= DATASET CONTENT =
※ ※ ※

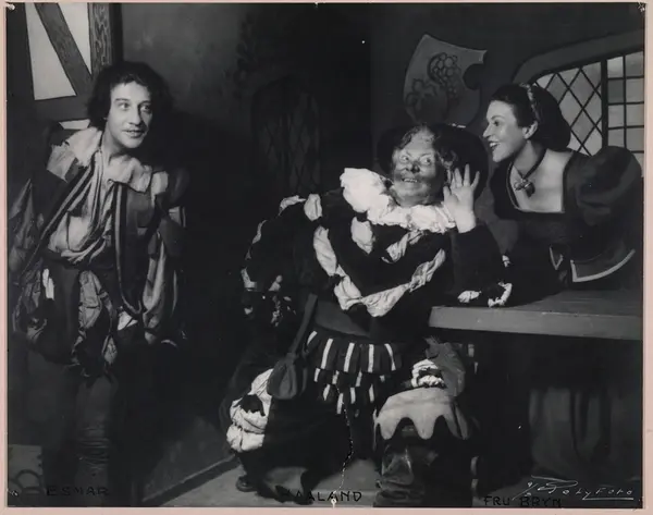 Fra venstre: Helge Essmar som Pistol, Ingjald Haaland som Sir Jon Falstaff og Tove Bryn som Madam Kvik.
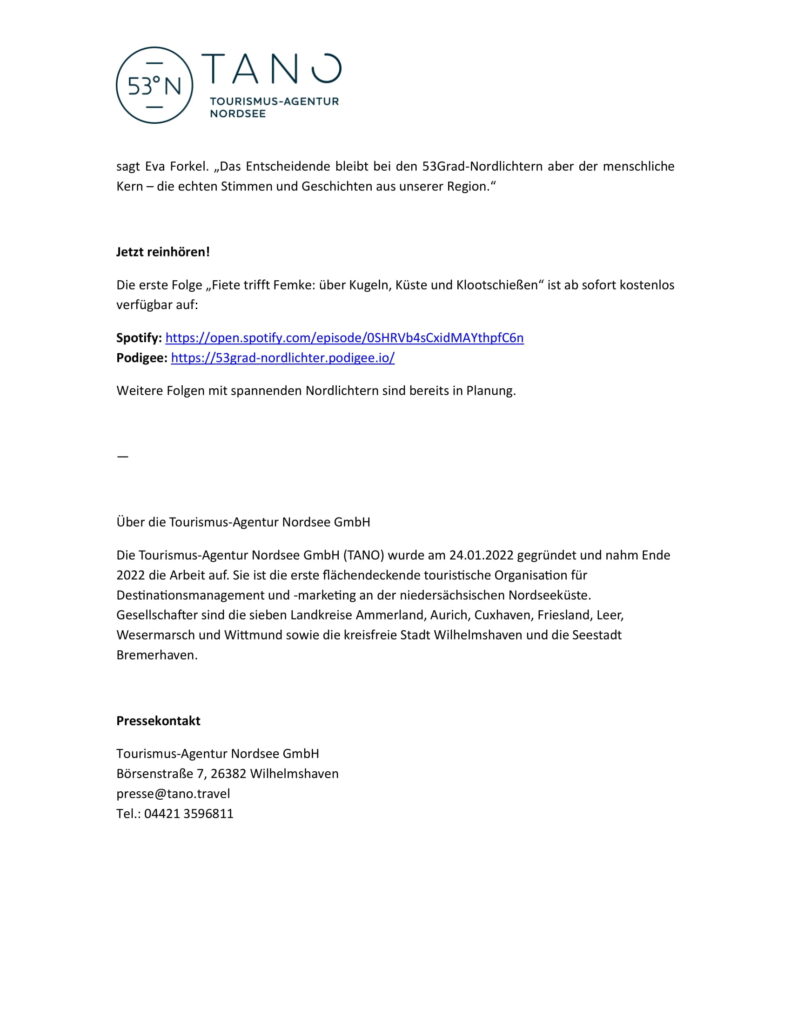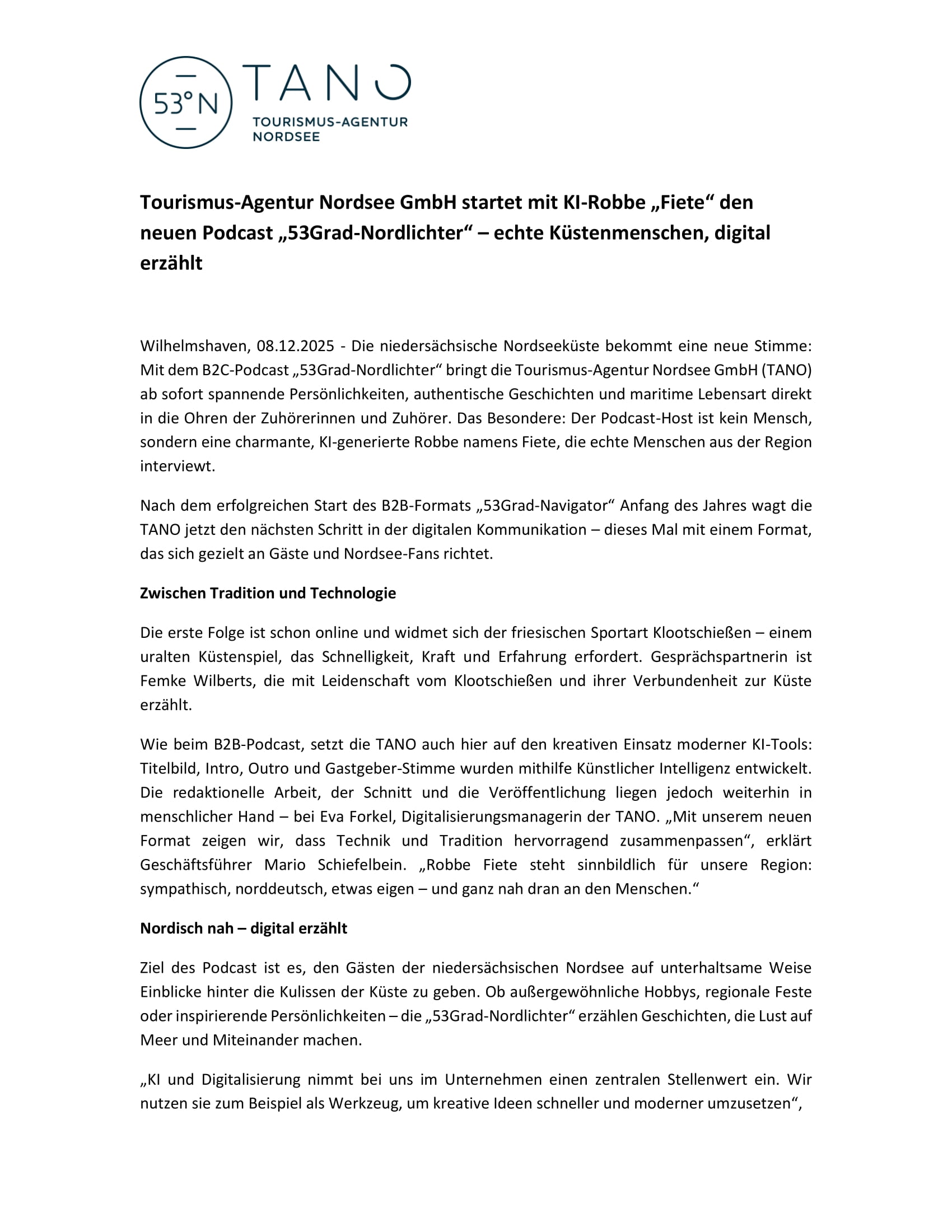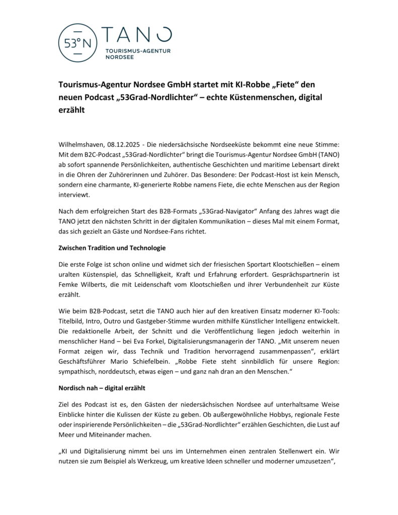 Aktuelles Leute 08.12.2025 Tourismus-Agentur Nordsee GmbH “TANO” startet mit KI-Robbe “Fiete” den neuen Podcast “53Grad-Nordlichter” – echte Küstenmenschen, digital erzählt 8. Dezember 20258. Dezember 2025 peter Post Views: 898
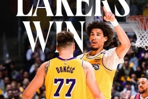 賽后,湖人官方曬出贏球海報,喂餅-吃餅組合東契奇和海斯登上封面。
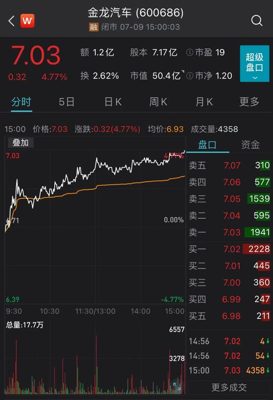 金龙汽车上涨4.77%。

※ ※ ※

= WHAT YOU NEED TO DO =
Return the full material word for word. Do not include the pictures.

= COMPLETED EXERCISE =
 Fra venstre: Helge Essmar som Pistol, Ingjald Haaland som Sir Jon Falstaff og Tove Bryn som Madam Kvik.
 Aktuelles Leute 08.12.2025 Tourismus-Agentur Nordsee GmbH “TANO” startet mit KI-Robbe “Fiete” den neuen Podcast “53Grad-Nordlichter” – echte Küstenmenschen, digital erzählt 8. Dezember 20258. Dezember 2025 peter Post Views: 898
 賽后,湖人官方曬出贏球海報,喂餅-吃餅組合東契奇和海斯登上封面。
 金龙汽车上涨4.77%。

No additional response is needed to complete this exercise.